Problem => Set down, exactly and only, everything from the line containing "Aurora на сегодняшний" down to the line containing "The MotoTec Transportation" in the data below; the pictures are not part of the copy.

Source information =>
######

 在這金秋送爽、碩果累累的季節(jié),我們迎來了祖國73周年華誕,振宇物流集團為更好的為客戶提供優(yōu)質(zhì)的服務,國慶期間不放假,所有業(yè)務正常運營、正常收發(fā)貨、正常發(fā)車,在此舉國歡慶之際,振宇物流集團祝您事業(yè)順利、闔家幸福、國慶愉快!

######

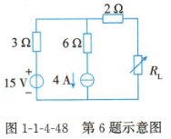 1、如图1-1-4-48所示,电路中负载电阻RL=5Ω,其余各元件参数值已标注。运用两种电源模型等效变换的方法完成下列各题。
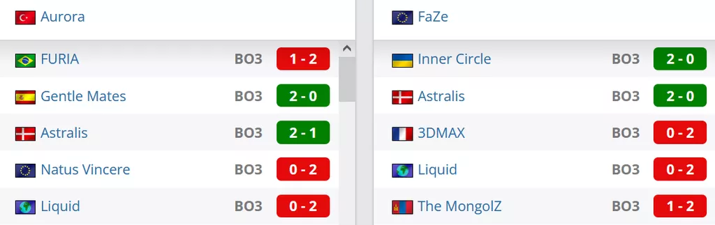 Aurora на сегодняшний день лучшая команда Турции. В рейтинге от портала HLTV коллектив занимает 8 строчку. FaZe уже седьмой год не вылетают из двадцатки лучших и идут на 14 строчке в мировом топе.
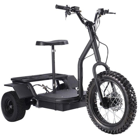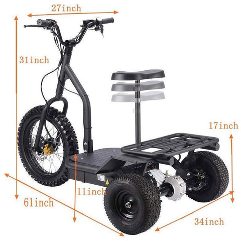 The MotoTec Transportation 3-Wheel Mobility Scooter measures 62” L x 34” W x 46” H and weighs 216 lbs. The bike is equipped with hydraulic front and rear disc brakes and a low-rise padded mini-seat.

######

Solution for this task =>
 Aurora на сегодняшний день лучшая команда Турции. В рейтинге от портала HLTV коллектив занимает 8 строчку. FaZe уже седьмой год не вылетают из двадцатки лучших и идут на 14 строчке в мировом топе.
 The MotoTec Transportation 3-Wheel Mobility Scooter measures 62” L x 34” W x 46” H and weighs 216 lbs. The bike is equipped with hydraulic front and rear disc brakes and a low-rise padded mini-seat.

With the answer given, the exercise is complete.